Of course I have had some great wildlife observations on this trip and I found what I sought for whenever I travelled to the African bush: a time of peace and calm, immersed in wilderness. To clear my mind, relax my spirit and, above all, to learn about life. At the same time this excursion clearly reminded me of the limitations that come with standard operating procedures currently implemented at many or most of Botswana’s safari camps in private concessions.
To reach Kasane on the banks of the Chobe river in northern Botswana one can, depending on daily schedules, fly from Johannesburg on Air Botswana or on SA Airlink (a regional carrier by South African Airways). As Air Botswana was not available on the day I would fly in, I had to find a third option: SA Airlink run very small planes and getting the photography hand luggage on board is not easy. My preferred route therefore, a British Airways service from Johannesburg to Victoria Falls in Zimbabwe. BA operates Boeing 737 aircraft that allow for enough hand luggage space. From Victoria Falls I had pre-arranged a 2hr road transfer via the Kazungula border to Kasane. For travellers carrying big lenses and camera stuff I really recommend to travel via Zimbabwe, even if a Zim visa and the road transfer to Kasane are extra costs. The alternative is that one may find oneself stuck in Jo’burg, having to hand over the camera bags to be checked in… no thanks. Not there. Not ever.
This is a year of Ebola and while I find it very annoying to see how our media is treating this serious topic (especially in the US and in Europe) I was glad to see that the matter is addressed in a professional way across southern Africa. Remember: the Ebola epidemic is confined to a relatively small area in western Africa. Geographically speaking, the core areas hit by Ebola are closer to the US east coast and to Europe than they are to South Africa. Yet I was checked at Johannesburg, at Victoria Falls and again at Kazungula. The border formalities both at Vic Falls and Kazungula were relatively quick and painless and less than three hours after landing in Victoria Falls my driver pulled up in front of Thebe River Lodge.
Ebola information poster at Victoria Falls Airport
Thebe is a fun place. The lodge accommodation is simple but nice and clean. Many self-drive campers and the brave folks travelling on large overland safari trucks frequent the restaurant and bar near the river. This makes for a very interesting, lively mix of locals, ex-pats and travellers. Regarding safari activities, however, Thebe has a lot to build up still.

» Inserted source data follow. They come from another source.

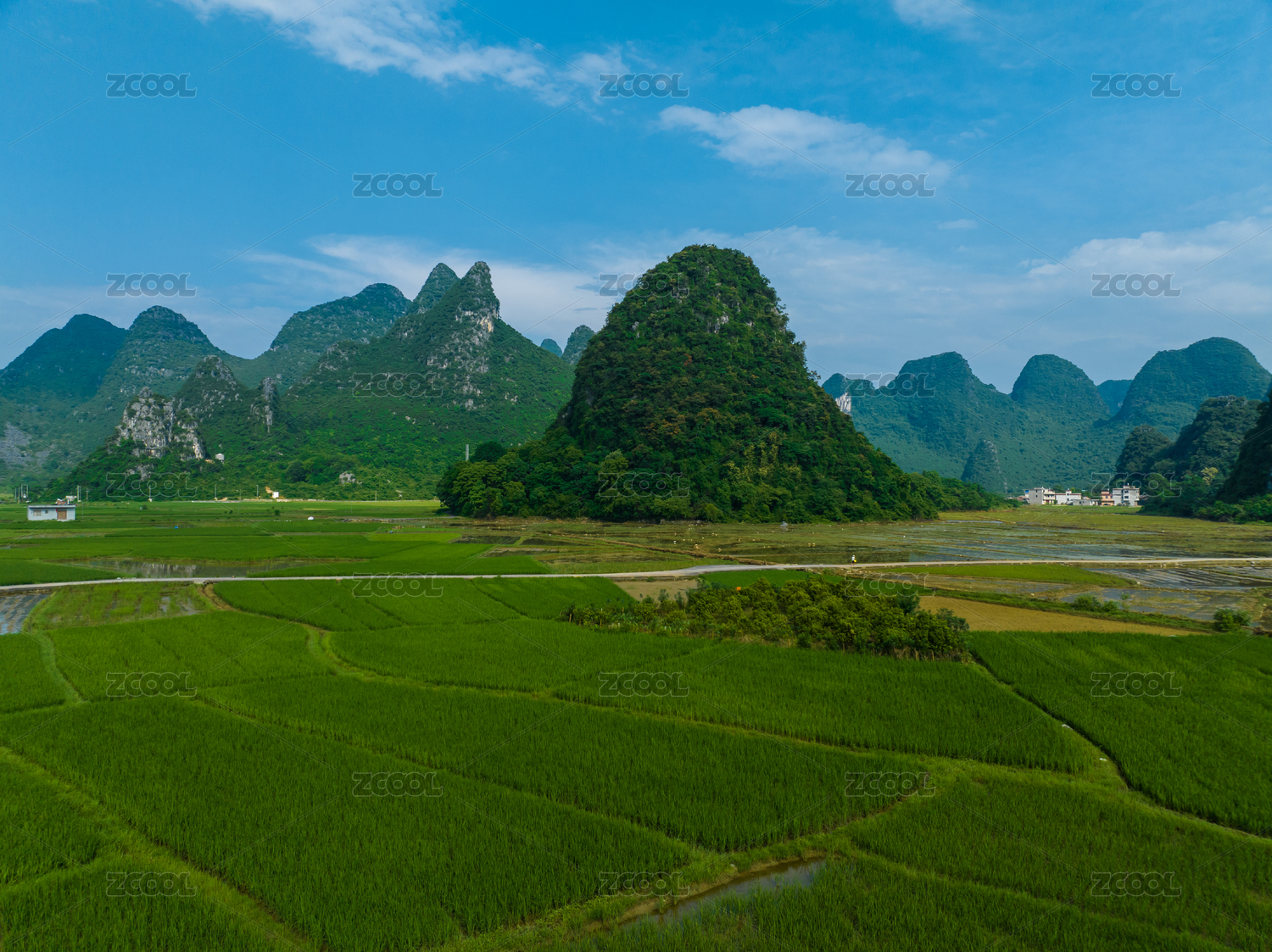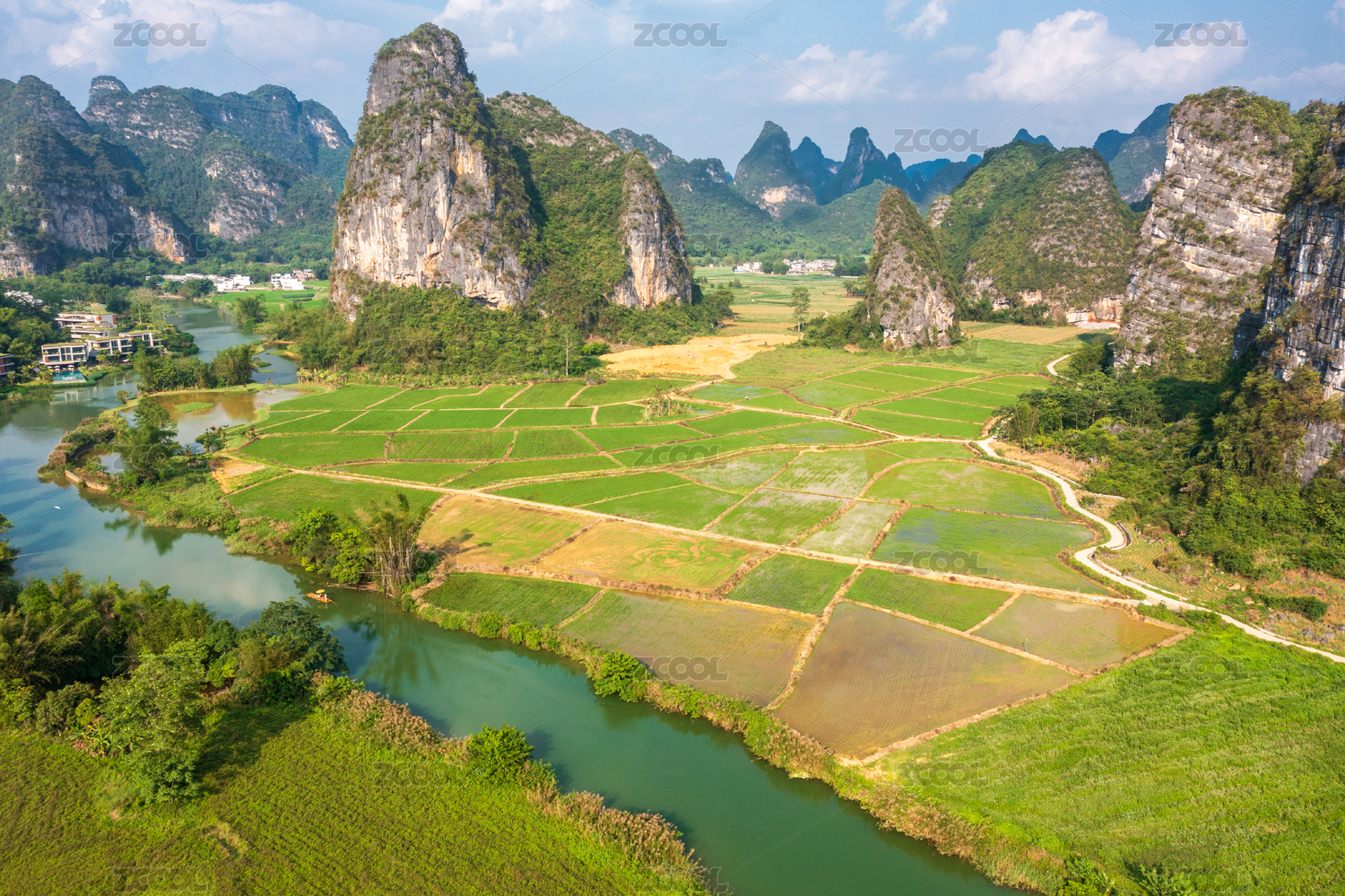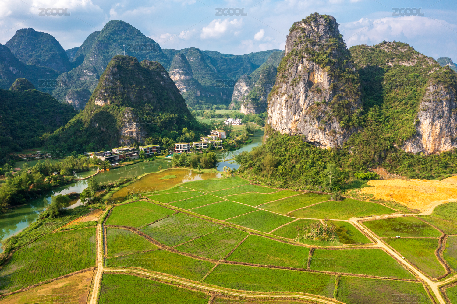 蓝天白云阳光下桂林山间的村庄和绿色稻田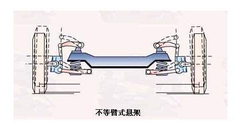 不等臂双横臂上臂比下臂短。当汽车车轮上下运动时,上臂比下臂运动弧度小。这将使轮胎上部轻微地内外移动,而底部影响很小。这种结构有利于减少轮胎磨损,提高汽车行驶平顺性和方向稳定性。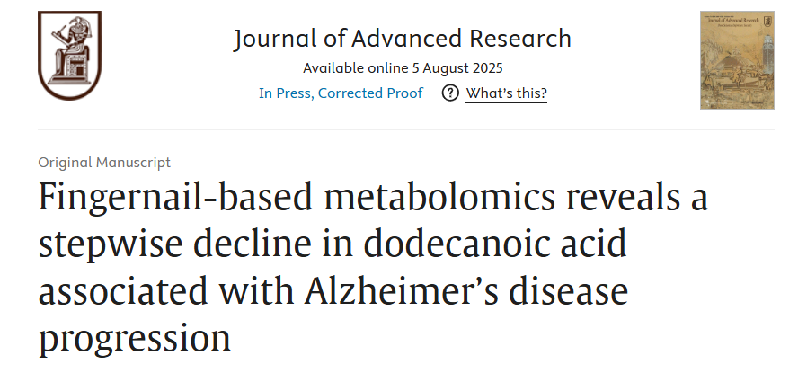 本研究將指甲代謝組學作為一種有前景的非侵入性策略,用于AD的生物標志物發(fā)現(xiàn)和疾病分期。作者發(fā)現(xiàn)十二烷酸是一種可靠且獨立的生物標志物候選物,能夠反映AD的嚴重程度。其在AD臨床進程中的下降凸顯了脂肪酸代謝在疾病進展中的作用。指甲代謝組具有較高的患者接受度,并能提供代謝的綜合時序快照,有望為AD及其他神經(jīng)退行性疾病的早期診斷、風險分層和監(jiān)測開辟新的途徑。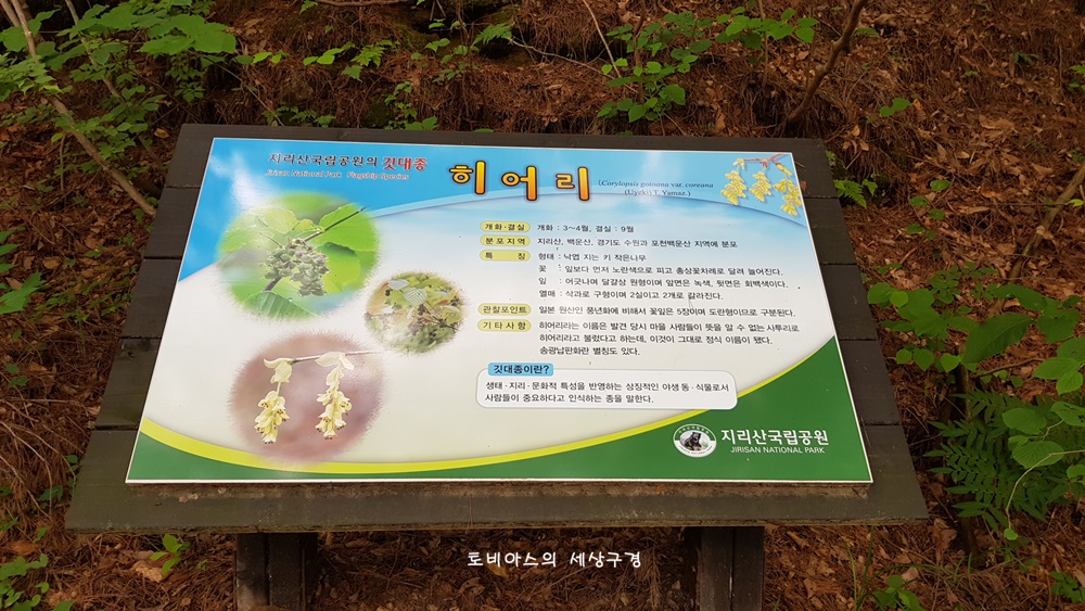 지리산 국립공원의 깃대종 히어리를 소개하는 안내판이 보입니다.

When I strolled up to reception I was surprised to look into a familiar face: Kanawe, a very experienced guide whom I had met on a trip to the Selinda Reserve (the old Motswiri camp) in 2008 stood next to the welcome desk and was discussing safari itineraries with the receptionists. As I had booked some private boat outings on the Chobe I was very pleased to learn that Kanawe would be looking after me during my stay at Thebe.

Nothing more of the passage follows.